• WHAT TO DO
Any image found in the entries is to be skipped; the rest is returned word for word.

[Records from a data collection]
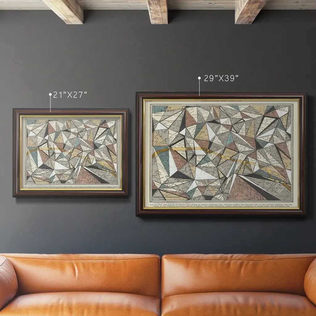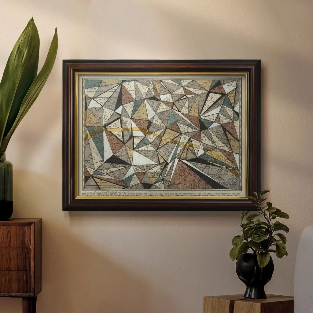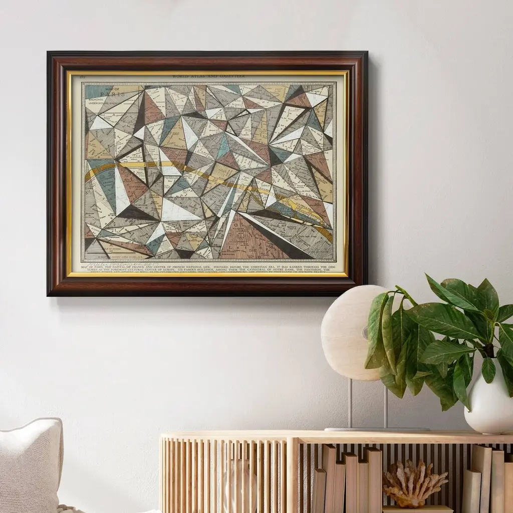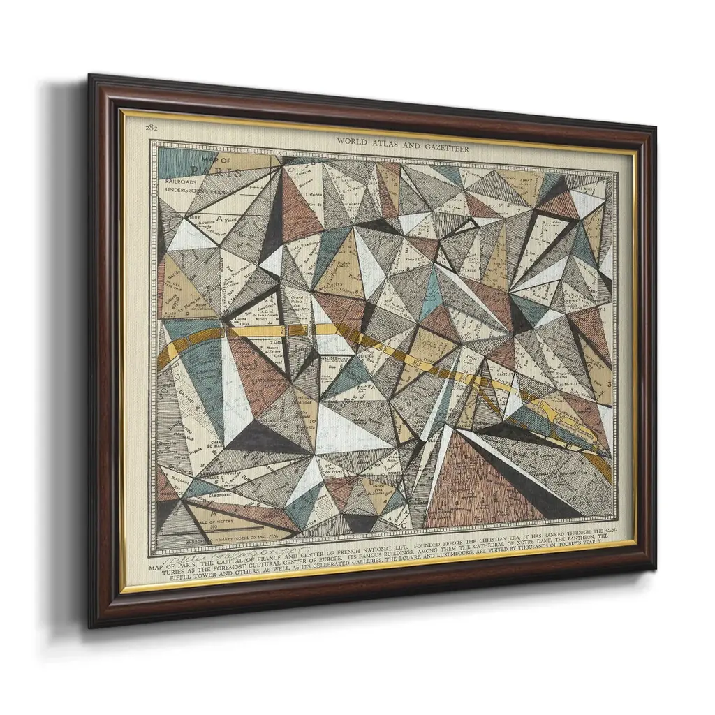 Modern Map of Paris Premium Framed Canvas- Ready to Hang A Premium Framed Canvas created to last. Framed in distressed wood and available in an array of sizes and colors Featuring a beveled a solid wood stretcher bar, each piece comes ready to hand 3 SIZES AVAILABLE 16''X20'' - Overall Size 18'X27'' - Overall Size 24''x36'' - Overall Size Each piece is made to order. Each piece comes with hanging hardware. Made in the USA Ready to Hang Giclee Paper Print Acrylic Glass Beveled Matt Board
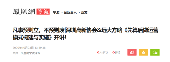 2020年10月21日下午,深圳市高新技術(shù)產(chǎn)業(yè)協(xié)會(huì)聯(lián)合遠(yuǎn)大方略管理咨詢集團(tuán)舉辦的《企業(yè)經(jīng)營(yíng)計(jì)劃與預(yù)算管理專題——先算后做運(yùn)營(yíng)模式構(gòu)建與實(shí)施》公益講座在深圳科學(xué)館1樓開(kāi)講,本次課程由遠(yuǎn)大方略聯(lián)合創(chuàng)始人、咨詢師雷志軍老師主講。
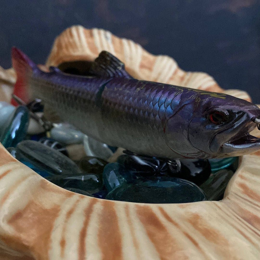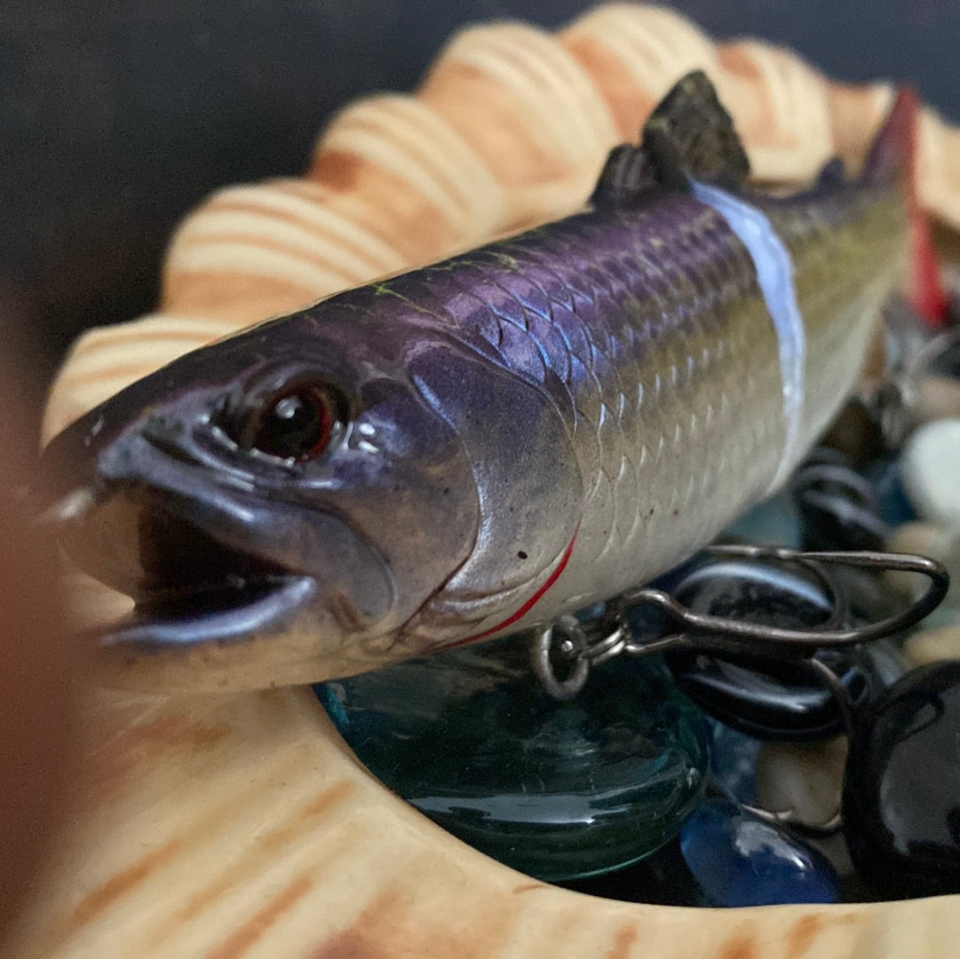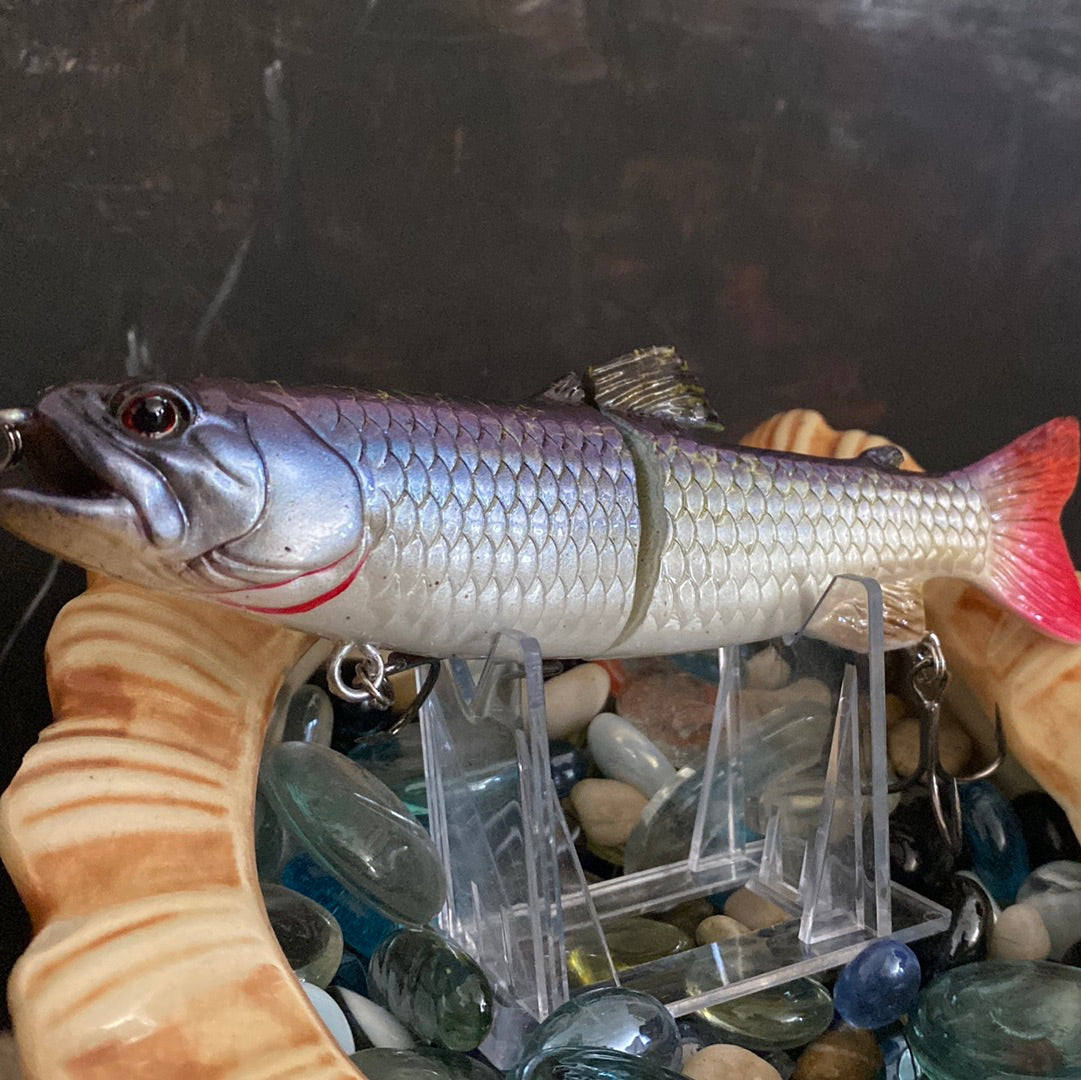 scales wag, 6", 1.5 oz slow sinking glide bait, Steel balls rattle. Mix of fluorescent and shifting paints. KVD Mustad hooks
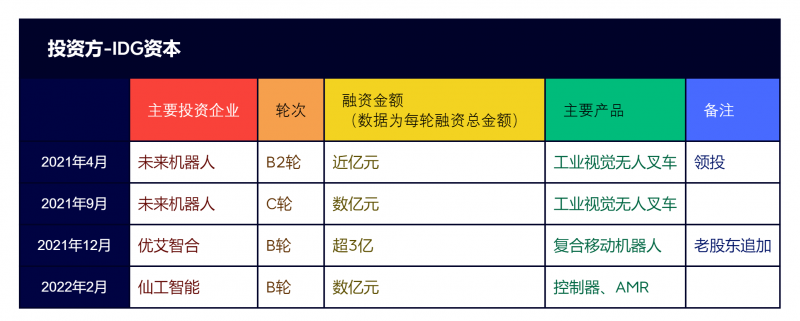 2021年4月至2022年2月期間,IDG資本在移動機器人領域投資了未來機器人、優(yōu)艾智合和仙工智能三家移動機器人企業(yè)。
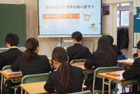 日常的に家庭科で学習している事項を整理・確認しながら、最後はお弁当作りのメニューを考えるというものでした。バランス良いお弁当となるよう、試行錯誤している姿がありました。
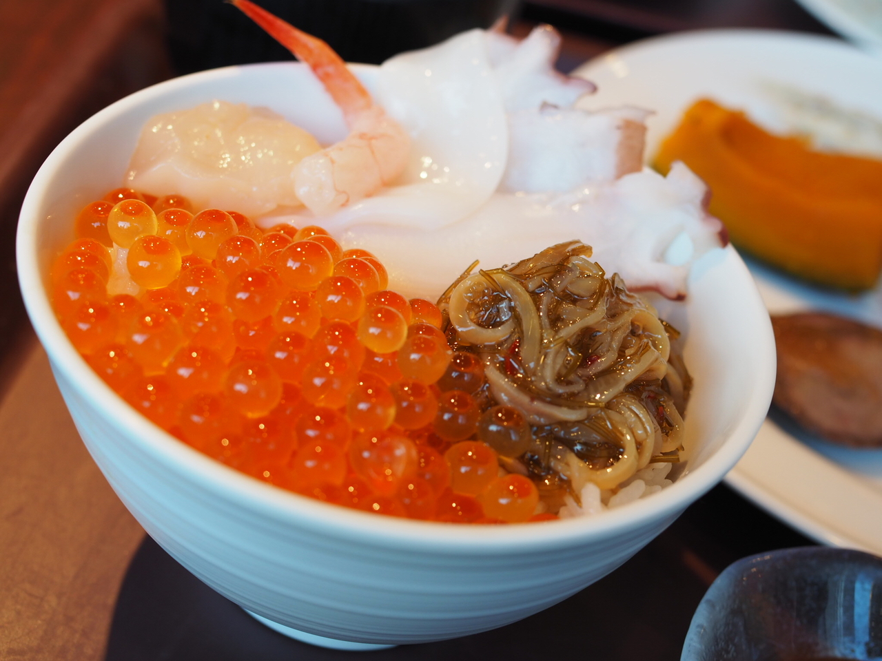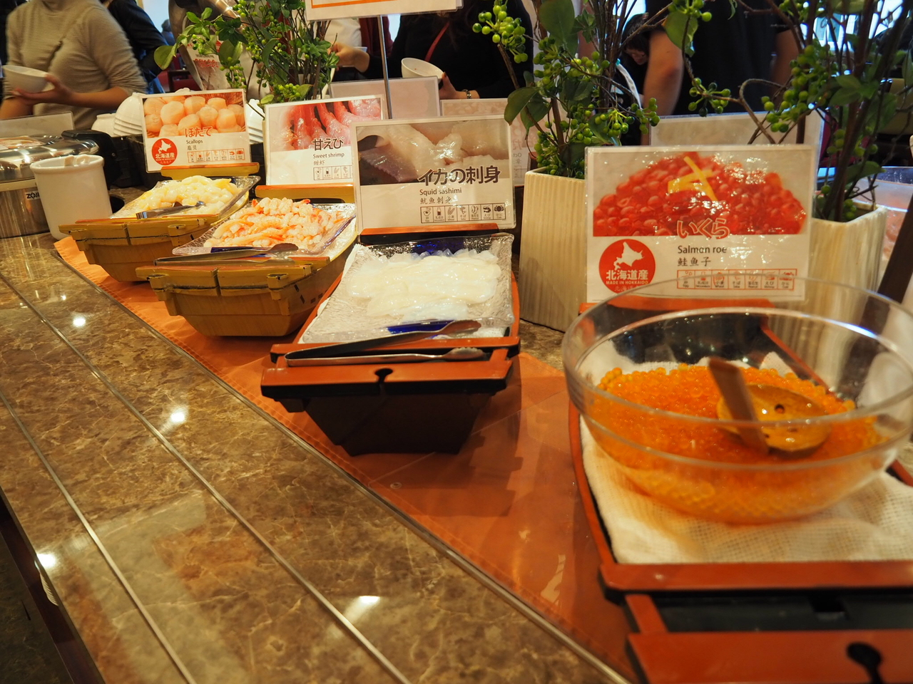 自分でイクラやサーモン、ホタテ、松前漬けなどを乗っけ放題の海鮮丼が作れ、スープカレーやハスカップジャムを乗っけたフレンチトーストも美味しかった。

• COMPLETED TASK
 Modern Map of Paris Premium Framed Canvas- Ready to Hang A Premium Framed Canvas created to last. Framed in distressed wood and available in an array of sizes and colors Featuring a beveled a solid wood stretcher bar, each piece comes ready to hand 3 SIZES AVAILABLE 16''X20'' - Overall Size 18'X27'' - Overall Size 24''x36'' - Overall Size Each piece is made to order. Each piece comes with hanging hardware. Made in the USA Ready to Hang Giclee Paper Print Acrylic Glass Beveled Matt Board
 2020年10月21日下午,深圳市高新技術(shù)產(chǎn)業(yè)協(xié)會(huì)聯(lián)合遠(yuǎn)大方略管理咨詢集團(tuán)舉辦的《企業(yè)經(jīng)營(yíng)計(jì)劃與預(yù)算管理專題——先算后做運(yùn)營(yíng)模式構(gòu)建與實(shí)施》公益講座在深圳科學(xué)館1樓開(kāi)講,本次課程由遠(yuǎn)大方略聯(lián)合創(chuàng)始人、咨詢師雷志軍老師主講。
 scales wag, 6", 1.5 oz slow sinking glide bait, Steel balls rattle. Mix of fluorescent and shifting paints. KVD Mustad hooks
 2021年4月至2022年2月期間,IDG資本在移動機器人領域投資了未來機器人、優(yōu)艾智合和仙工智能三家移動機器人企業(yè)。
 日常的に家庭科で学習している事項を整理・確認しながら、最後はお弁当作りのメニューを考えるというものでした。バランス良いお弁当となるよう、試行錯誤している姿がありました。
 自分でイクラやサーモン、ホタテ、松前漬けなどを乗っけ放題の海鮮丼が作れ、スープカレーやハスカップジャムを乗っけたフレンチトーストも美味しかった。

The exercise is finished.